§ **PROBLEM REQUIREMENTS**
Without the pictures, retype each line below exactly as it stands.

Stored entries:
++++++++++

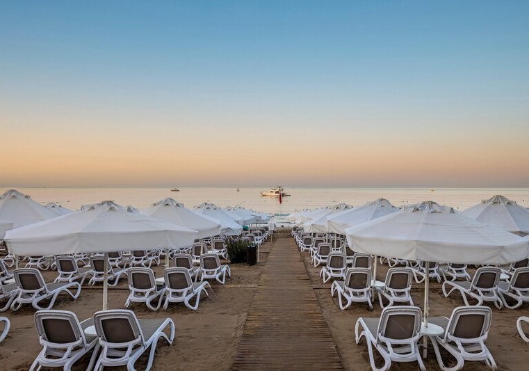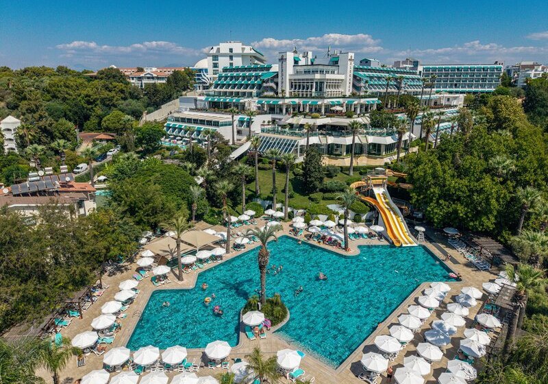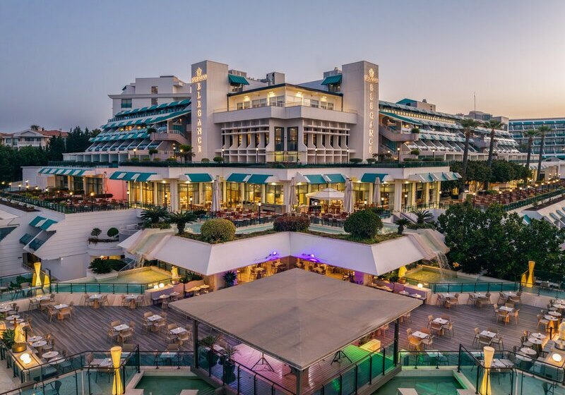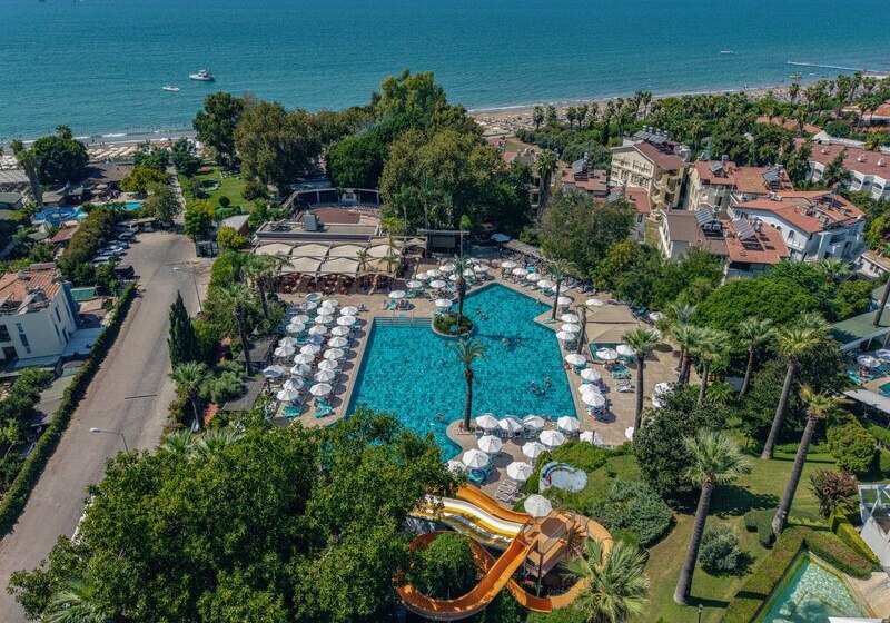 Im Side Star Elegance erwartet Euch eine weitläufige Strandadresse mit klarem Fokus auf erholsame Tage am Meer und aktiven Genuss. Ihr wohnt oberhalb der Hotelzone von Side, mit direktem Zugang zum langen, flach abfallenden Sandstrand samt Promenade. Die Anlage wirkt vielschichtig: ruhige Ecken am Relax-Pool ab 18 Jahren, lebendige Bereiche rund um die großen Süßwasserpools und die Rutschen. Familien finden strukturierte Angebote, Paare genießen Rückzugsorte und die abwechslungsreiche Gastronomie. Highlight: Direkter Strandzugang mit Promenade für entspannte Wege zwischen Pool und Meer.
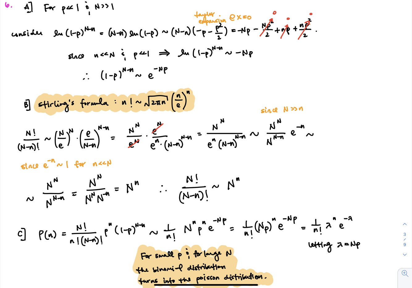 (c) Therefore, you can show that P(n) = (λn / n!) e-λ where λ = Np. You have just demonstrated that the binomial distribution for small p and large N turns into the Poisson distribution!
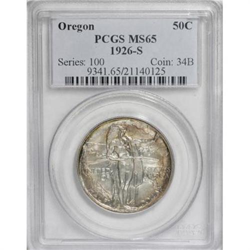<B>1926-S 50C Oregon MS65 PCGS.</B></I> PCGS Population (840/404). NGC Census: (802/631). Mintage: 83,055. Numismedia Wsl. Price for NGC/PCGS coin in MS65: $268. (#9341)<BR><BR><b>Shipping:</b> Coins & Currency (<a target="_blank" href="http://www.heritageauctions.com/common/shipping.php">view shipping information</a>\)
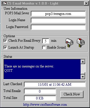 This will check a pop3 email account for any email. It runs in the systray and all settings can be saved. This is pretty handy at times. See Pic. Not much to this the pro version will have a LOT more options.
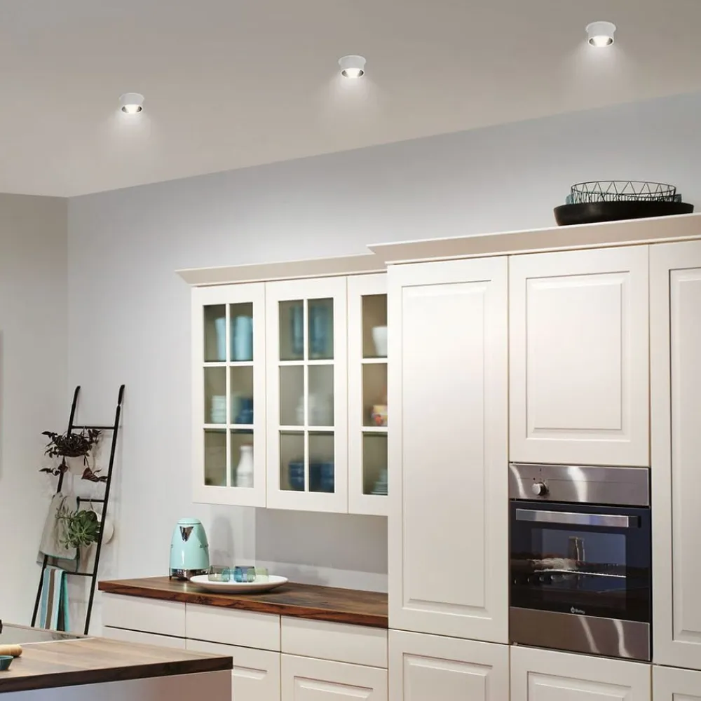 Tofarvet LED-indbygningslampe Gil i et sæt med tre – dæmpbar i 3 niveauer Indbygningslamper som Gil skaber lysaccenter i moderne boligområder: Denne LED-indbygningslampe i et sæt med 3 kan endda bruges i badeværelset, saunaen og andre fugtige rum takket være IP44-beskyttelsesgraden. Den dekorative cylinder stikker lidt ud. De dybere lyspunkter udsender varmt hvidt lys og teknisk brillans: De kan kobles sammen i det uendelige, og deres lys kan dæmpes i tre trin ved hjælp af den normale vægkontakt for at opnå den ønskede lysstemning: 100 %, 50 % eller 25 %. LED’erne er også udskiftelige og bør udskiftes af et specialfirma – 230 V direkte tilslutning
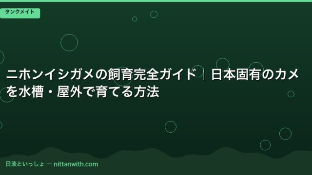 タンクメイト ニホンイシガメの飼育完全ガイド|日本固有のカメを水槽・屋外で育てる方法 2026年3月25日 nittantoissyo 日淡といっしょ ニホンイシガメは、日本にしか生息しない固有種のカメです。幼いころから川や池で見かけ、その愛らしい姿に魅了されてきた方も多いのではない …

++++++++++

§ **WRITTEN ANSWER**
 Im Side Star Elegance erwartet Euch eine weitläufige Strandadresse mit klarem Fokus auf erholsame Tage am Meer und aktiven Genuss. Ihr wohnt oberhalb der Hotelzone von Side, mit direktem Zugang zum langen, flach abfallenden Sandstrand samt Promenade. Die Anlage wirkt vielschichtig: ruhige Ecken am Relax-Pool ab 18 Jahren, lebendige Bereiche rund um die großen Süßwasserpools und die Rutschen. Familien finden strukturierte Angebote, Paare genießen Rückzugsorte und die abwechslungsreiche Gastronomie. Highlight: Direkter Strandzugang mit Promenade für entspannte Wege zwischen Pool und Meer.
 (c) Therefore, you can show that P(n) = (λn / n!) e-λ where λ = Np. You have just demonstrated that the binomial distribution for small p and large N turns into the Poisson distribution!
<B>1926-S 50C Oregon MS65 PCGS.</B></I> PCGS Population (840/404). NGC Census: (802/631). Mintage: 83,055. Numismedia Wsl. Price for NGC/PCGS coin in MS65: $268. (#9341)<BR><BR><b>Shipping:</b> Coins & Currency (<a target="_blank" href="http://www.heritageauctions.com/common/shipping.php">view shipping information</a>\)
 This will check a pop3 email account for any email. It runs in the systray and all settings can be saved. This is pretty handy at times. See Pic. Not much to this the pro version will have a LOT more options.
 Tofarvet LED-indbygningslampe Gil i et sæt med tre – dæmpbar i 3 niveauer Indbygningslamper som Gil skaber lysaccenter i moderne boligområder: Denne LED-indbygningslampe i et sæt med 3 kan endda bruges i badeværelset, saunaen og andre fugtige rum takket være IP44-beskyttelsesgraden. Den dekorative cylinder stikker lidt ud. De dybere lyspunkter udsender varmt hvidt lys og teknisk brillans: De kan kobles sammen i det uendelige, og deres lys kan dæmpes i tre trin ved hjælp af den normale vægkontakt for at opnå den ønskede lysstemning: 100 %, 50 % eller 25 %. LED’erne er også udskiftelige og bør udskiftes af et specialfirma – 230 V direkte tilslutning
 タンクメイト ニホンイシガメの飼育完全ガイド|日本固有のカメを水槽・屋外で育てる方法 2026年3月25日 nittantoissyo 日淡といっしょ ニホンイシガメは、日本にしか生息しない固有種のカメです。幼いころから川や池で見かけ、その愛らしい姿に魅了されてきた方も多いのではない …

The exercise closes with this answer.